To illustrate the impact, consider a $400,000 home with a 20% down payment:

  • At a 4% rate: The monthly principal and interest payment is approximately $1,500.
  • At a 6.75% rate: The monthly payment jumps to about $2,100.

This $600 monthly difference amounts to $7,200 per year, significantly straining household budgets. While incomes have grown, the $11,000 increase in the typical household income since 2019 only adds about $300 to the recommended monthly housing budget under the 30% rule—far short of compensating for the rate increase.

What Is the Outlook for Future Affordability?

The key to improving affordability lies in two areas: mortgage rates and housing supply. A modest decrease in interest rates, which some analysts anticipate following potential Federal Reserve action, could provide immediate relief by boosting buying power. However, a more permanent solution requires an increase in the supply of homes for sale, particularly in more affordable price segments.

For buyers in 2025, the reality is a more modest budget due to elevated rates.

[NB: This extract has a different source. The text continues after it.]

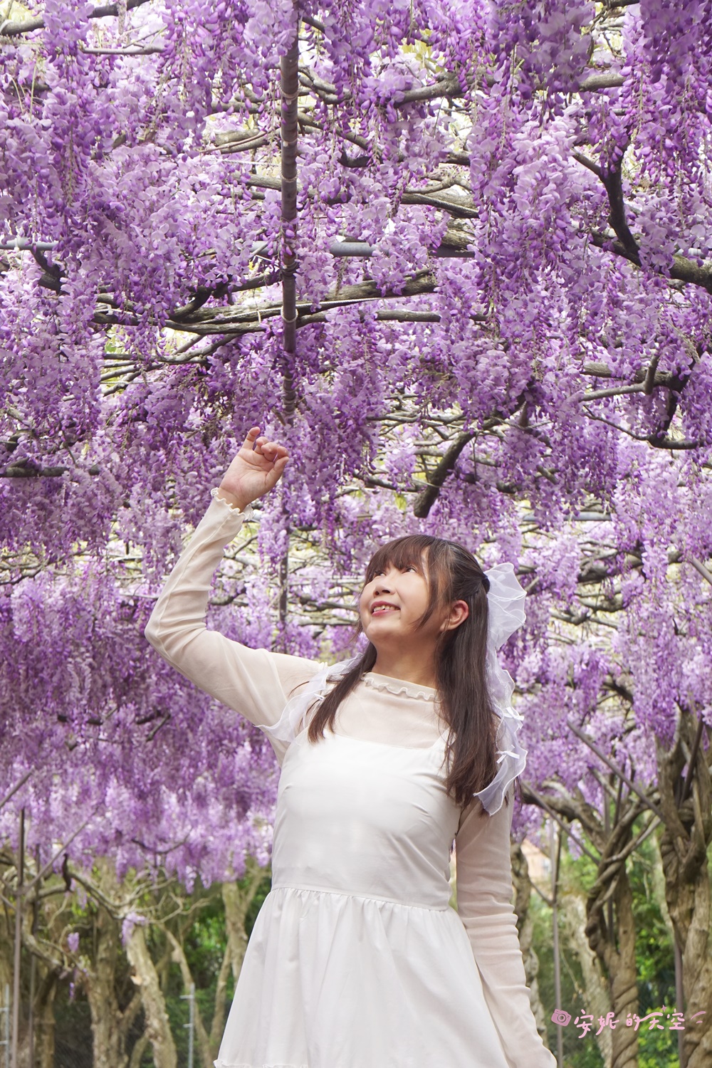 建議可以站在花園的外圍,拉長焦拍攝人物,像是置身在紫藤花隧道之間,超喜歡這樣的構圖。

Focusing on metros with strong job markets and looking in suburban areas can reveal opportunities. As one Phoenix real estate agent notes, sellers are currently more willing to negotiate on price and concessions, presenting a window of opportunity before potential rate cuts intensify competition.

The bottom line for buyers: Your buying power is heavily influenced by interest rates, not just your income. While a few markets show improvement, be prepared for a competitive search for affordable homes and consider consulting a local agent to understand hyper-local opportunities.